Based on the aforementioned findings, circRNAs may affect glioma invasion and metastasis through dynamic and complex regulatory mechanisms. Invasion and metastasis of glioma cells are leading factors resulting in patient death. Therefore, further studies on the effect of circRNAs in glioma cell invasion and metastasis are expected to help with the development of treatment strategies for glioma.

circRNAs as diagnostic and prognostic biomarkers in glioma

In recent years, despite substantial advances in treatment strategy, the rate of early diagnosis of glioma remains low and it is difficult to treat patients with late-stage glioma, thus leading to the relative low survival of this disease (108). Additionally, compared with other types of cancer, the overall prognosis of patients with glioma is worse and the survival period is shorter (109). Thus, the identification of valuable biomarkers for early-stage diagnosis and prognosis is crucial for improving the survival of patients with glioma. Recent studies have demonstrated that circRNAs are strongly associated with the clinicopathological characteristics of glioma, and they may serve as diagnostic and prognostic biomarkers (32,92,110). Previous studies indicated that the closed-ring structure stabilizes circRNAs in plasma and tissues, and protects them from the enzymatic activity of exonucleases (28,50); therefore, the unique structure of circRNAs may be a potential advantage for their use as biomarkers for the diagnosis and prognosis of glioma. Qu et al (111) revealed that circ_0079593 could be considered an independent prognostic factor for patients with glioma based on multivariate analysis. Furthermore, overexpression of circ_0079593 in glioma was found to be associated with tumor size, World Health Organization tumor grade and patient survival rate. Mechanistically, circ_0079593 was revealed to facilitate glioma development via binding to miR-433 and miR-182. Another study by Liu et al (32) indicated that circ-CDC45 expression was increased in glioma compared with that in paired non-cancerous specimens. Overexpression of circ-CDC45 was closely associated with larger tumor size, higher World Health Organization tumor stage and poor prognosis. Functionally, circ-CDC45 interacted with and modulated the levels of miR-527 and miR-516b to facilitate cell proliferation and invasion. Furthermore, Peng et al (31) demonstrated that the levels of circ-CPA4 were high in glioma compared with those in paired non-cancerous specimens. Simultaneously, a high level of circ-CPA4 was positively correlated with a worse outcome of glioma.

In conclusion, due to their diverse range of functions, high stability and presence in easily obtainable body fluids, circRNAs are considered valuable biomarkers in glioma. Furthermore, the study of emerging circRNAs will improve our understanding of the molecular pathways involved, including glioma-associated gene expression, thereby improving the management of patients with glioma.

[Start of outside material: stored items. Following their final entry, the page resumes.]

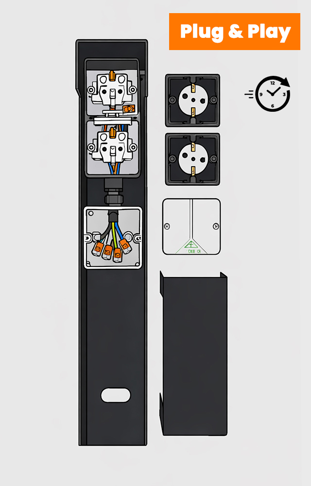 Het enige dat u als hovenier of installateur nog hoeft te doen is het aanvoeren van de grondkabel en het insteken van de juiste kleuren in de Wago klemmen. Meer niet. Op deze manier bespaart u tot vijftien minuten installatietijd per paal. Dat lijkt weinig, maar bij meerdere palen in een project loopt dit snel op.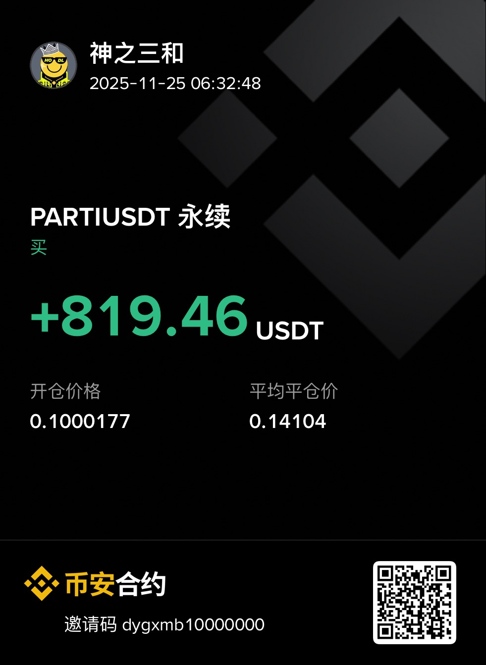 第六单是做多PARTI,这单还是粉丝群的一个粉丝被套牢了问我这个代币我去查,和研究了下,这不我的第六单就有了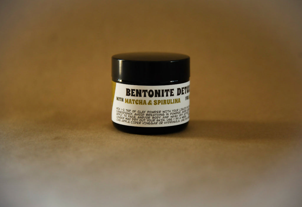 This bentonite clay detox mask features matcha and spirulina powder for their added cleansing and anti-oxidant support. This clay mask helps remove impurities from the skin and pores... goodbye excess oil and dead skin! As a pore cleanser, this mask is great for acne prone skin. Ground oats exfoliate the skin and help improve skin texture. Making the switch to natural deodorant? It helps to detox your armpits first and free your pores of built up toxins. A bentonite clay mask is a must in everyone’s skin care cabinet!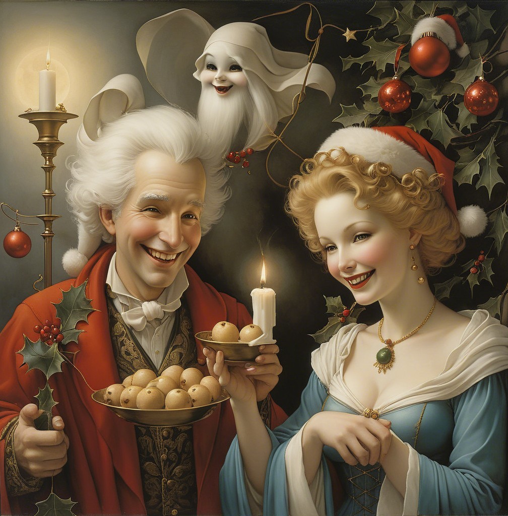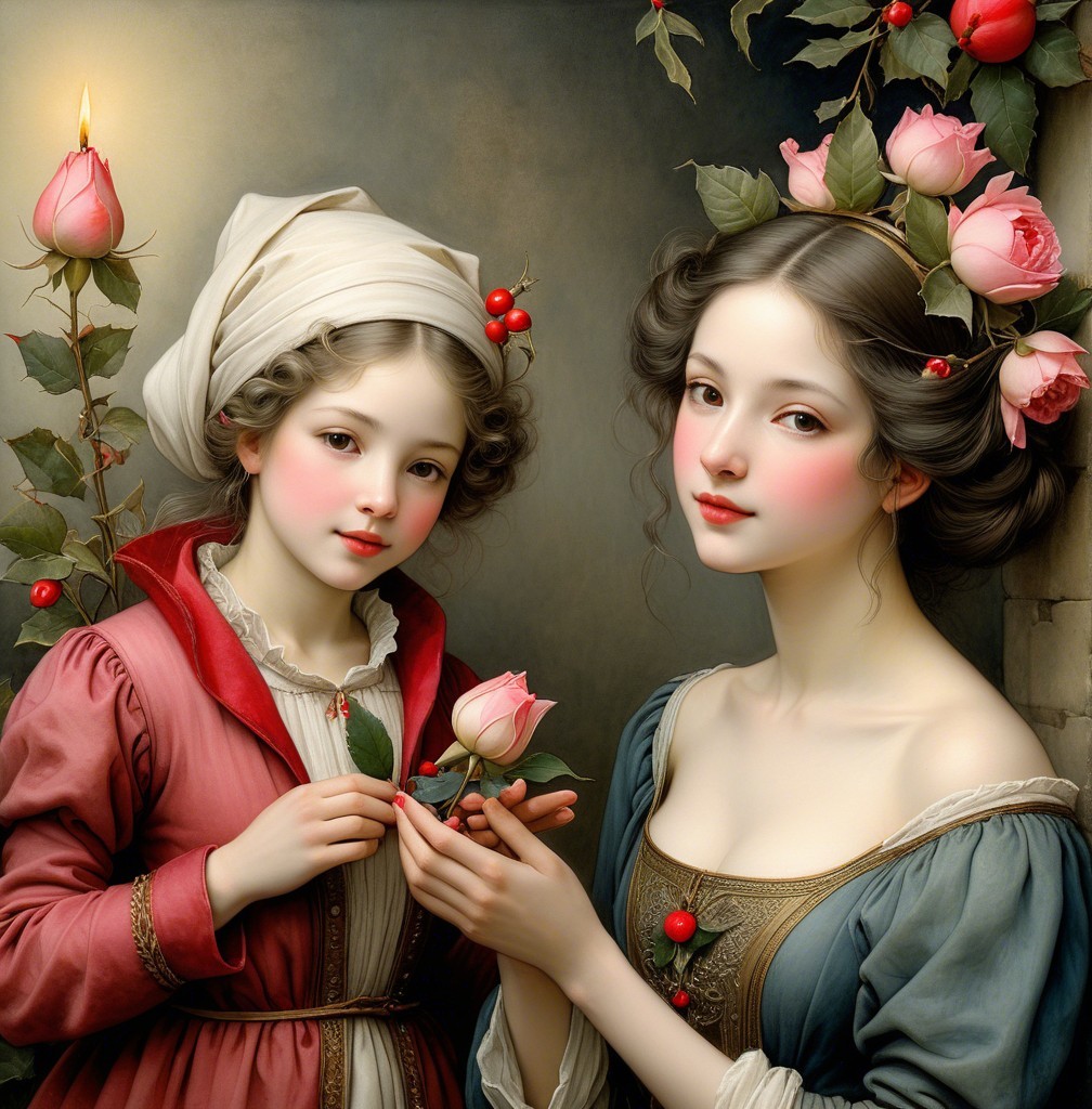 A serene young woman with long hair adorned with roses rests elegantly, holding a berry. She’s dressed in a blue garment, surrounded by flowers and fruit, exuding a whimsical, dreamy vibe.

Therapeutic potential of circRNAs in glioma

Over the last decade, treatment for glioma has focused on maximum safe surgical resection alongside radiotherapy and chemotherapy (3). Radiotherapy and chemotherapy are typical and aggressive treatment approaches for numerous patients with late-stage and unresectable glioma; however, the inherent and acquired resistance of glioma cells is a major limitation to the efficacy of radiotherapy and chemotherapy (112,113). Recently, given the enhanced understanding of the etiopathogenesis of glioma, numerous signaling pathways and molecules are considered potentially suitable for targeted treatment (114). Recent studies revealed that certain circRNAs can not only modulate the resistance of glioma cells, but also block vital glioma-associated signaling pathways and molecules, thereby modulating the expression of the corresponding gene. For example, Hua et al (115) demonstrated that the levels of the circ-CEP128 were higher, whereas miR-145-5p levels were lower in temozolomide-resistant glioma cells compared with those in parental cells. Silencing circ-CEP128 suppressed cellular proliferation, reduced the level of ATP-binding cassette super-family G member 2 (ABCG2) and improved the cytotoxic function of temozolomide in glioma cells. Furthermore, a mechanistic study demonstrated that circ-CEP128 may serve as a miR-145-5p sponge to regulate the levels of the downstream target ABCG2. Additionally, Zhao et al (116) indicated that the levels of circ-ATP8B4 were significantly higher in radiation-resistant glioma cells, and indicated that circ-ATP8B4 may serve as a molecular sponge to adsorb miR-766 and to facilitate cell radioresistance. Furthermore, silencing or overexpression of circRNAs not only elucidates the mechanism underlying the initiation and development of glioma, but also provides useful information for the design of targeted treatments to modulate crucial glioma-associated signaling pathways, molecules and genes. For example, Ding et al (117) indicated that the levels of circ-NFIX were increased in glioma cells and tissues compared with those in matched control samples, and high levels of circ-NFIX markedly accelerated cell cycle progression, migration and invasion, and suppressed apoptosis. By contrast, silencing circ-NFIX led to cell cycle arrest, inhibition of cell migration and invasion, and enhanced apoptosis in glioma cells. Mechanistically, circ-NFIX positively regulated ribophorin II via binding to miR-378e in glioma cells.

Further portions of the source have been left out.